There seems to be many missing values about the details of each incident. However, the 'state' and 'date' columns have no missing values, which is good for our objective (examining gun violence trends for each state).

In [4]:
# First let's make some columns that we'll need
daily_incidents_df['date'] = pd.to_datetime(daily_incidents_df['date']) # Turn the date into a datetime
daily_incidents_df['year'] = daily_incidents_df['date'].dt.year # Create a column for just the year

# Upon examining the data, it seems that records before 2014 have missing data, so we'll exclude them
daily_incidents_df = daily_incidents_df[daily_incidents_df['year'] >= 2014]

# Get number of casualties for each state, indexed by date
by_date_total_df = daily_incidents_df.groupby(['date', 'state'])['n_killed'].sum().unstack()
by_date_total_df = by_date_total_df.fillna(0) # Some days had no incidents (no entries).

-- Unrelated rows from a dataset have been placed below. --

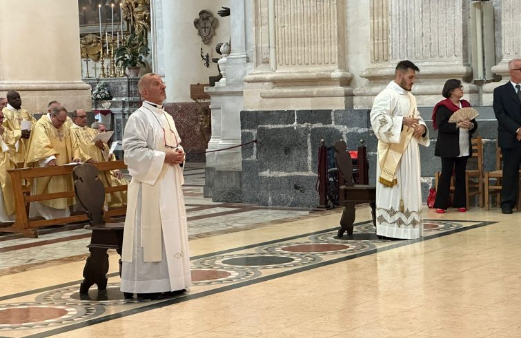 Oggi nella cattedrale di Catania, l’arcivescovo Luigi Renna ha ordinato sacerdoti don Alfio Caruso, della comunità Maria SS. Assunta di Adrano, e don Sebastiano Scamporino, della comunità parrocchiale S. Agata al Borgo di Catania. Don Sebastiano Scamporino, giovane seminarista di 28 anni, originario della diocesi di Comiso, ha scelto di completare il suo percorso formativo a Catania e di essere incardinato nella diocesi etnea. Don Alfio Caruso ha deciso di continuare a servire la Chiesa come presbitero, dopo aver operato al suo interno per 23 anni come diacono permanente. Padre di quattro figli, don Alfio ha maturato tale scelta dopo la prematura scomparsa della moglie, Rita Monachino, nel 2019. Uno dei suoi figli, Daniele, ha deciso peraltro di intraprendere il proprio percorso vocazionale nel Seminario “Redemptoris Mater” a Roma, per diventare sacerdote nel contesto del cammino neocatecumenale. “Siete arrivati a quest’oggi attraverso strade diverse, e sotto certi aspetti imprevedibili”, ha dichiarato l’arcivescovo di Catania nell’omelia, aggiungendo: “Quando si ha a cuore una comunione sostanziale, scevra da apparenze ed ipocrisia; quando si vive il servizio al popolo di Dio lasciandoci guidare dall’obbedienza; quando quel ‘per tutta la vita’ non ci fa guardare l’orologio, ma ci fa spendere in ogni giorno, come umili servi, allora i frutti del Regno di Dio verranno, anche se ci sembrerà di lavorare invano”.
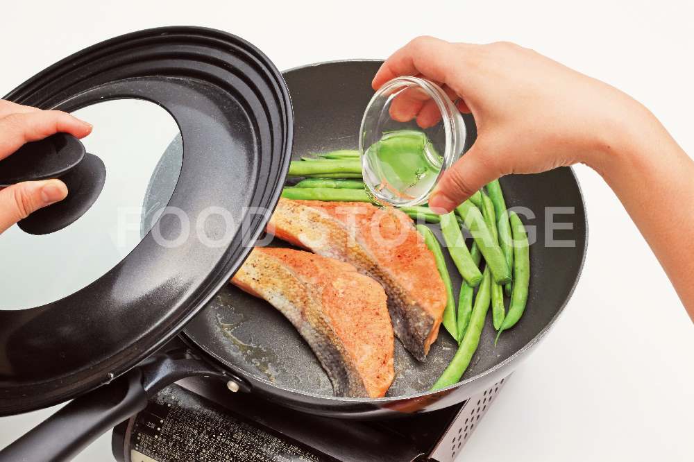 鮭を裏返して中火で焼き、白ワインを加えて蓋をして弱火で蒸し焼きにする。2とともに器に盛る。 |
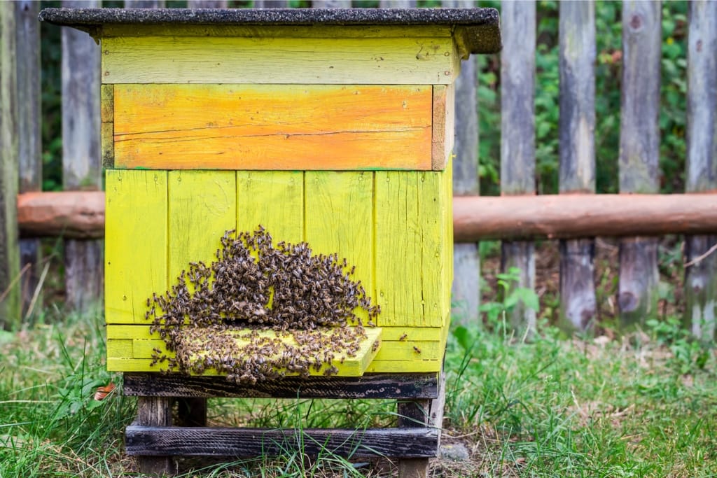 What you see: Bees lined up at the entrance with their abdomens raised, wings beating rapidly. The entrance might look crowded, but organized.
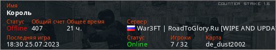 Играет на Counter Strike 1.6 сервере. Страна: РоссияПервый раз замечен 11:45 17.05.2021
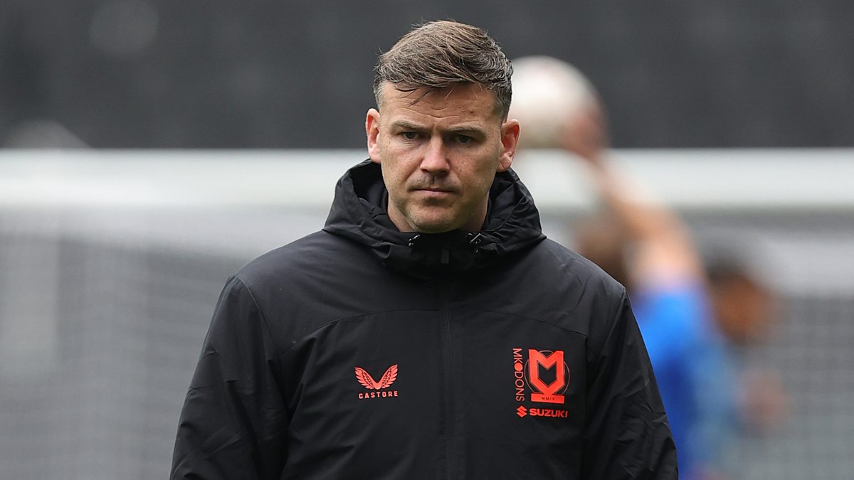 MK Dons interim head coach Ben Gladwin reacts after losing 2-0 against Accrington Stanley

Fill with 0s

by_date_total_df.to_csv('./data/cleaned/by_date_total.csv')

In [5]:
# Get latitude and longitude information and save it
lat_long_df = daily_incidents_df[['state', 'latitude', 'longitude', 'n_killed']].dropna()
lat_long_df.to_csv('./data/cleaned/lat_long.csv')

In [6]:
# Create a feature DataFrame to store all of our features (to be used later in our model)
feature_df = by_date_total_df.resample('M').sum().stack().reset_index()
feature_df.columns = ['next_date', 'state', 'next_deaths']

# Add next year (the year which we want to predict on) and the previous year
feature_df['next_year'] = feature_df['next_date'].apply(lambda x: x.year)
feature_df['this_year'] = feature_df['next_year'] - 1
feature_df['last_year'] = feature_df['next_year'] - 2

# Add population data from population_df to feature_df
get_population = lambda x: population_df.loc[x['state'], str(x['this_year'])]
feature_df['population'] = feature_df[['state', 'this_year']].apply(get_population, axis=1)
    
# Reformat population data
population_df = population_df.stack().reset_index()
population_df.columns = ['state', 'year', 'population']
population_df['year'] = population_df['year'].astype(int)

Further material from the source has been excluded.